Quando ho visto il film la prima volta ho pensato "Perfetto, un’altra inutile commediola sugli stereotipi del Mondo: a Roma si mangia tanto e si gesticola, in India si medita e a Bali si conoscono sciamani che ti predicono cose che poi si avverano (bella la vita, tra l’altro). In realtà basta vedere il film una seconda volta per rendersi conto di quanto questo mio commento fosse superficiale. Leggendo il libro poi si capisce che non è davvero così. Quello che Elisabeth Gilbert descrive è un viaggio al di fuori che coincide con una risalita verso se stessi, ci si scopre scoprendo la bellezza che ci circonda in tutte le sue forme: il piacere sensoriale, quello della mente e finalmente la pace del cuore.

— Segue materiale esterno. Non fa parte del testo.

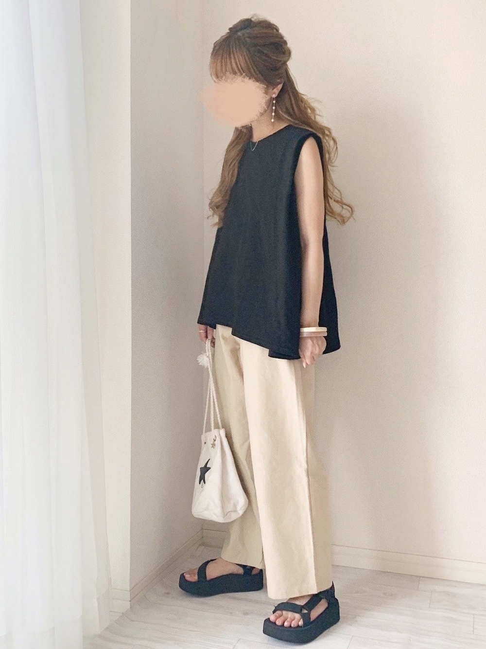 ブラック×ベージュコーデ♡ トップスは二の腕細く見せてくれる デザインでお気に入り🥰🥰 今日再販してます🍫💕
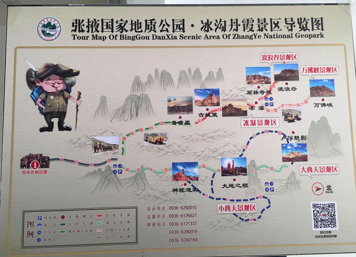 大西天景區(qū)位于冰溝景區(qū)的中部,主要景觀為三個(gè)宮殿式丹霞山體,包括約2公里的游步景段和2公里的公路景段。游覽路線為從游步景段北去后,再?gòu)墓肪岸文匣?形成一個(gè)總長(zhǎng)約4.5公里的環(huán)線,整個(gè)景線需2小時(shí)的游覽時(shí)間。主要景點(diǎn)有祁連火炬(奧運(yùn)火炬、左旋法螺、冰激凌)、鎖陽(yáng)神柱、鷹頭巖、金鴕情深、盧浮魅影(極樂宮)、埃及法老、蘑菇石、毛主席半身像、金蟾觀霞(金蟾望月)、啤酒屋、孔雀石(佛母金剛)、琉璃宮、娑婆宮、神龜探海(赑屃峰)、靈芝臺(tái)、金獅峰(金猊梁)、金剛杵、羊群下山等,其中最有名的當(dāng)屬神龜探海、金駝情深、鎖陽(yáng)神柱、鷹頭巖、埃及法老、盧浮魅影、金蟾觀霞等景觀。
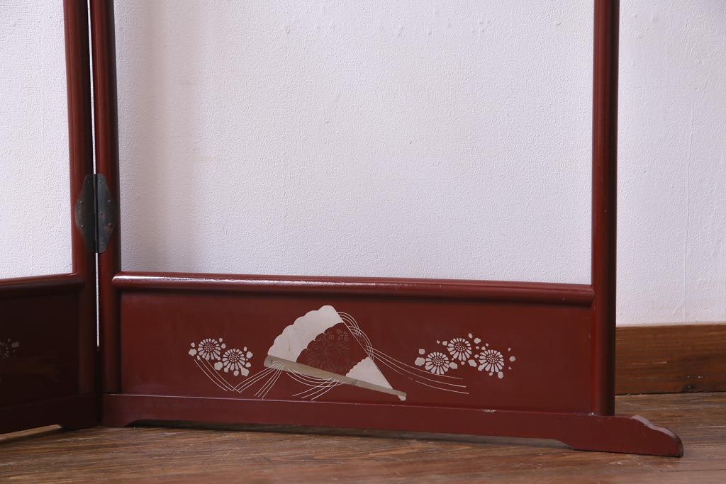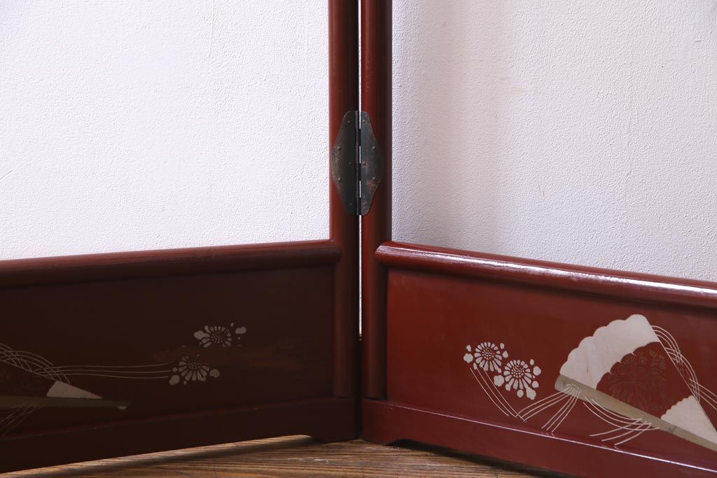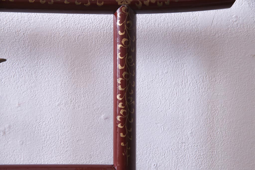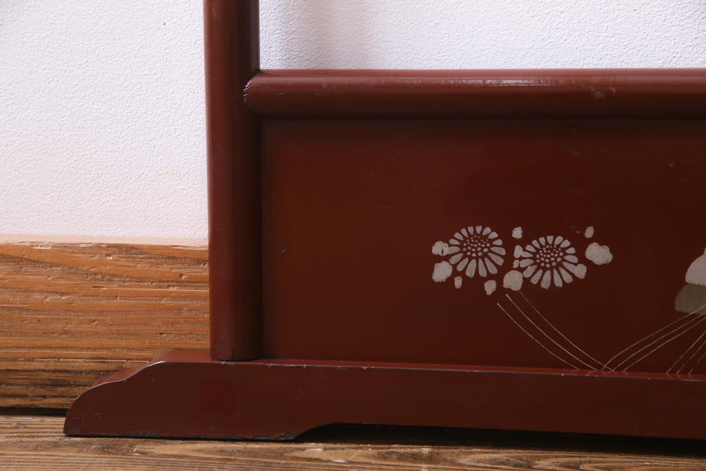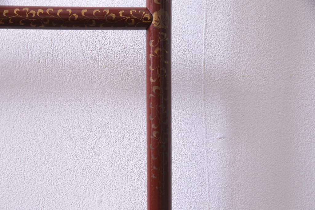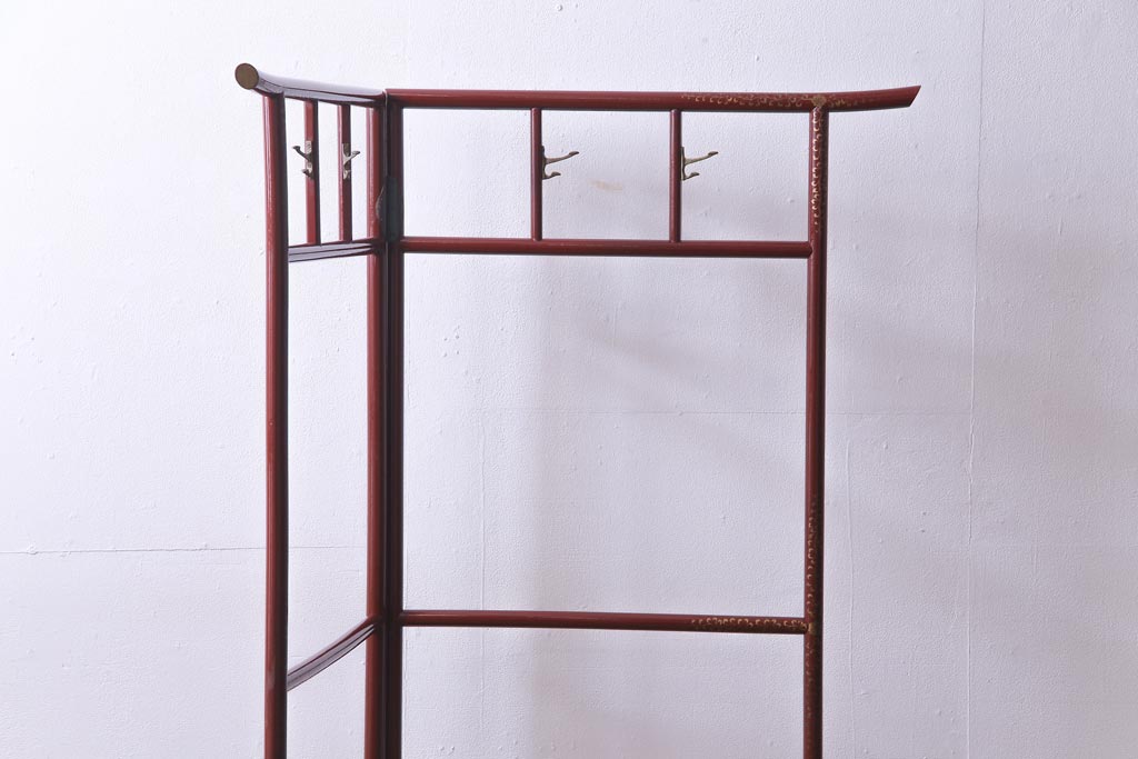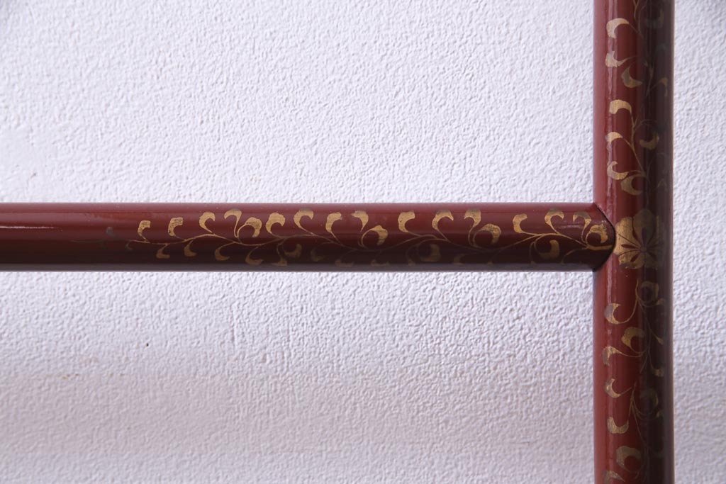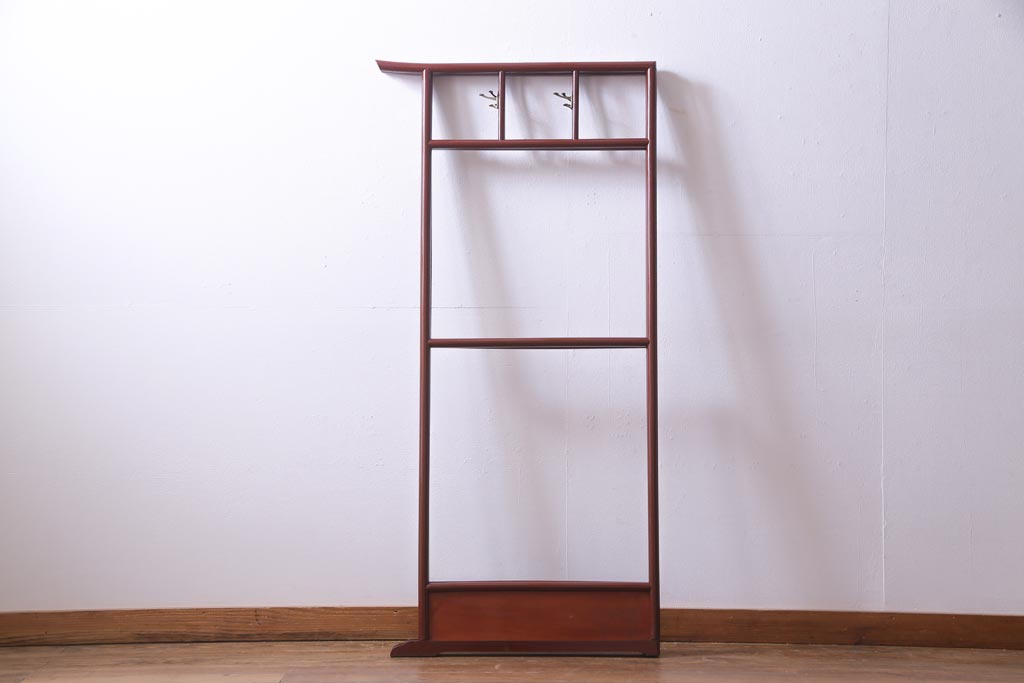 ラフジュ工房> ハンガーラック・衣桁> 衣桁 > アンティーク雑貨 昭和中期 漆塗り フック付き 扇の模様が和の雰囲気を引き立てる二つ折り衣桁

Questo libro non vuole essere nient’altro che la storia personale della scrittrice che ce l’ha fatta: ha trovato se stessa. E, udite udite, senza l’aiuto di un uomo al suo fianco.

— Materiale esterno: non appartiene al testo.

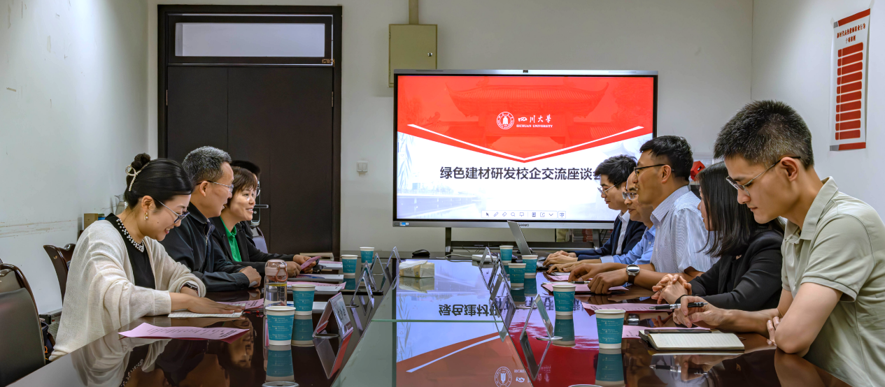 开展绿色建材研发校企交流座谈,学院党委书记兰中仁出席会议,双方围绕绿色建材研发、成果转化及校企双方合作模式等议题展开深入交流。四川建科院副总工程师肖承波、材料科学与工程研究院副院长张伟、新材料研发中心主任张林涛、专业技术骨干刘星,学院土木工程系李碧雄教授、石宵爽副教授、廖桥特聘副研究员及2024级农清舜博士参与座谈。李碧雄主持会议。
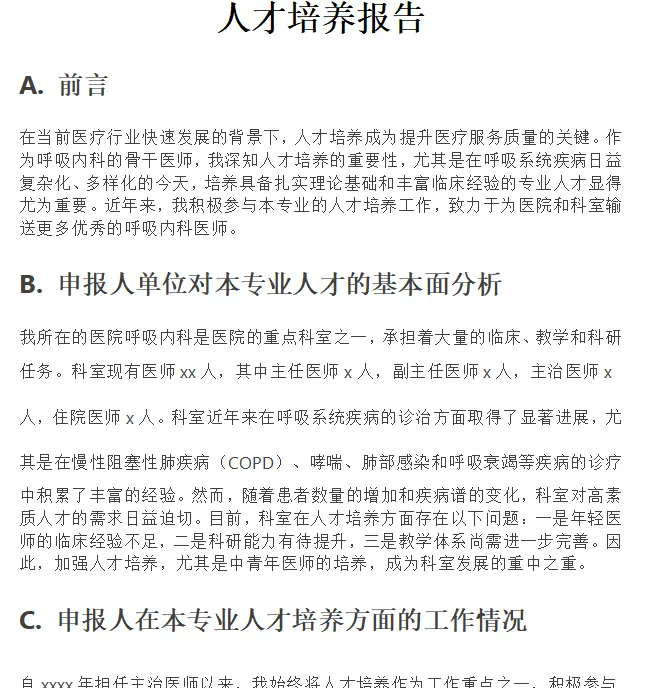 定义:人才培养报告:指带教本专业规范化培训医师、研究生、进修生,以及承担教学课题所形成的报告。
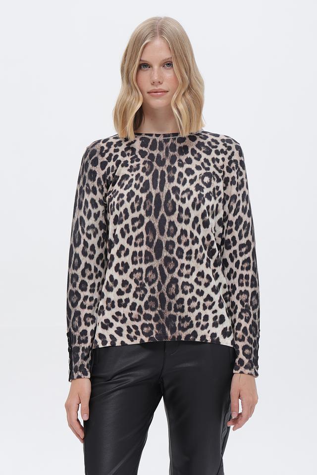 Элегантный пуловер от бренда Passioni станет ярким акцентом вашего образа. Модель выполнена в бежевых тонах с эффектным леопардовым принтом, который добавит образу динамичности.

orianakarensara, 26 11 2011
3

bellissimo film, non sono d’accordo con chi lo ritiene noioso o pieno di stereotipi banali. il libro racconta un cammino e l’autrice riesce a farti partecipare a questo cammino che l’ha vista protagonista. consigliato

Alla ricerca del tempo presente
, 28 09 2011
4

Alla ricerca del tempo presente Il racconto si snoda lungo un sentiero fatto di giorni che vanno alla ricerca di un senso nuovo della propria vita. Non alla ricerca del tempo perduto, ma alla ricerca del momento presente. Roma e l’Italia, l’India, l’Indonesia: tutto attraversato e raccontato in un modo molto americano. La ricerca della lingua italiana e della sua espressione anche mimica e gestuale, l’attraversiamo -il cui suono piace tanto alla scrittrice- ,il racconto del cibo consolatore che riempie di amore il corpo, la sensibilità con cui tocca l’Italia ed alcune sue città, nonché la sua tentata interpretazione di alcuni nonsensi del nostro paese, rendono la prima parte del libro molto interessante. La seconda parte e poi l’ultima sono disarmanti e candide , a volte così leggere nella profondità che lasciano sorpresi. Sopra ogni cosa il tocco leggero di una scrittrice che si svela e che fa del proprio bisogno di felicità un percorso immaginario su cui,ognuno di noi, cammina senza fatica. E’ un testo interessante, in ogni caso da leggere e, in alcune frasi, da sottolineare e tenersi nel cuore.